╭─ THE DATA

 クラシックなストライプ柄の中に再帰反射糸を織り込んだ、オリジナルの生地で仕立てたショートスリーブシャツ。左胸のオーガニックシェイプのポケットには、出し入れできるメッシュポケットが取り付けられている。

╰─
╭─ THE DATA

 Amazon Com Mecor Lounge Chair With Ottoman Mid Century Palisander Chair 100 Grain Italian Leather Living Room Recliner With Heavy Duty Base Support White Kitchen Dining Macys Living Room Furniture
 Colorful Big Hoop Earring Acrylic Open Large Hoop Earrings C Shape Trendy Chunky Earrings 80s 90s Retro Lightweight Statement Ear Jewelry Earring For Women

╰─
╭─ THE DATA

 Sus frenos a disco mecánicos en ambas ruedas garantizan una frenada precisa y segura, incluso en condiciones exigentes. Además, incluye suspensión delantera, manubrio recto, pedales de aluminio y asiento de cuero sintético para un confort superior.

╰─

▸ WORK ITEM: Give only the lines from the one holding "Amazon Com Mecor" through the one holding "Colorful Big Hoop", each restated exactly as it appears above.

▸ ANSWER BOX:
 Amazon Com Mecor Lounge Chair With Ottoman Mid Century Palisander Chair 100 Grain Italian Leather Living Room Recliner With Heavy Duty Base Support White Kitchen Dining Macys Living Room Furniture
 Colorful Big Hoop Earring Acrylic Open Large Hoop Earrings C Shape Trendy Chunky Earrings 80s 90s Retro Lightweight Statement Ear Jewelry Earring For Women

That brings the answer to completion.